The New Yorker once hailed Marc Andreessen as ‘tomorrow’s advance man.’ The question now is whether his vision of the future might be history.”
Verge Senior Writer Elizabeth Lopatto, questioning the shelf life of a fawning 2015 profile that claimed Silicon Valley venture capitalists a16z had their finger on the pulse of the tech sector
“People should know that it isn’t just Meta—at every social media firm there are workers who have been brutalized and exploited. But today I feel bold, seeing so many of us resolve to make change. The companies should listen—but if they won’t, we’ll make them.”
– TikTok moderator turned labour organizer James Oyange, heralding the newly-formed African Content Moderators Union. Spurned by widespread PTSD and wages as low as $1.50 USD an hour, Oyange promises to challenge ByteDance, Meta, OpenAI, and other tech companies that offshore content moderation to Africa.
“Where Big Data is merely aestheticized, a new court art is created, in whose flickering lights you can ‘talk about e-cars’ with politicians and lobbyists undisturbed, as entrepreneur Frank Thelen enthusiastically posted.”
– Writer and arts editor Niklas Maak, condemning the largely inoffensive, un-critical works on view at “Dimensions: Digital art since 1859,” a Leipzig exhibition curated by notoriously pro-business cultural manager Walter Smerling and sponsored by American surveillance software contractor Palantir [quote translated from German]

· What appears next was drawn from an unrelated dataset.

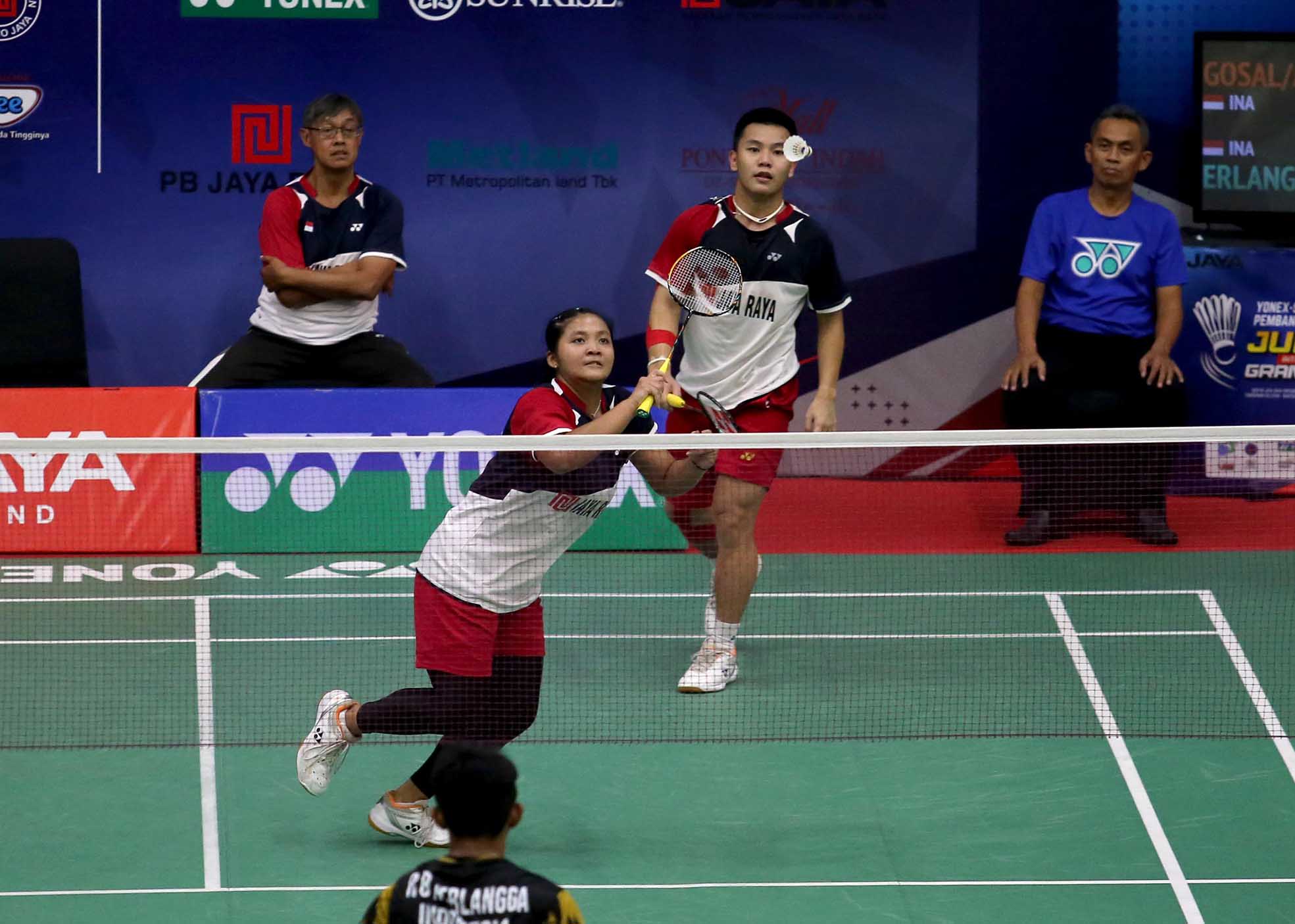 Aksi Jonathan Farrell Gosal-Nabila Cahya Permata Ayu atlet Ganda Campuran Jaya Raya U19 Yonex Sunrise Pembangunan Jaya Raya Junior Internasional Grand Prix 2023. Gor Jaya Raya Bintaro, Tangerang Selatan 20/7/2023

“Oversight boards and ethics teams at big tech companies have always been a fig leaf. Their purpose is to convince regulators that the companies can regulate themselves. That’s it.”

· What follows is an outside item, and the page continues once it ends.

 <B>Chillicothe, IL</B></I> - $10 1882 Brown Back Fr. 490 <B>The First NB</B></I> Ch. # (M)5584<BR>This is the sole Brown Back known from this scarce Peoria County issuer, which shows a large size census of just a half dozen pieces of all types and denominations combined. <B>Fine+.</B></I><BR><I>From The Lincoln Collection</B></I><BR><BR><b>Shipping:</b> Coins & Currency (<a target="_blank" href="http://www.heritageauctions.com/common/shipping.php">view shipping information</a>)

– American writer Joanne McNeil, critiquing Silicon Valley’s ethics shell game, as tech leaders call for an AI moratorium. “Good work can be done and good people can be hired,” McNeil continues. “Doesn’t change the purpose and ultimate goals of these departments.”
“MySpace had neither the edge of a New York City digital media startup. Nor the loose libertarian spirit of Silicon Valley.”

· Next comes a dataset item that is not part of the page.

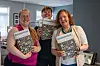 Anja Charlotte M. Hansen, Tare Reklev Øverbø og Wenche Sørensen er strålende fornøyd for årets sommer-gruve avis. Redaktør Line Nagell Ylvisåker, journalist Kåre M. Hansen og Susanna Westgaard på salg og marked har allerede tatt en velfortjent ferie.

– American writer Joanne McNeil, recalling a more innocent era of social media. In the first episode of Main Accounts, her new podcast on the rise and fall of MySpace in the 2000s, McNeil engages journalists Julie Angwin and Taylor Lorenz about the social network’s spyware-adjacent origins and its infamous 2005 sale to News Corp.
“What we actually saw was a preview of what future products will look like. A lot of hype, a lot of misstatements, and an exploitation of people’s lack of knowledge about what cognition is and what artificial systems can do.”
– Tech critic Edward Ongweso Jr., on the ChatGPT launch. “The correct analysis is they lied. They lied about its capabilities, they rolled out what was possible, and they’re going to keep lying,” he adds, describing how OpenAI cynically overhyped a half-baked product to capture the public’s attention—and drive up their valuation.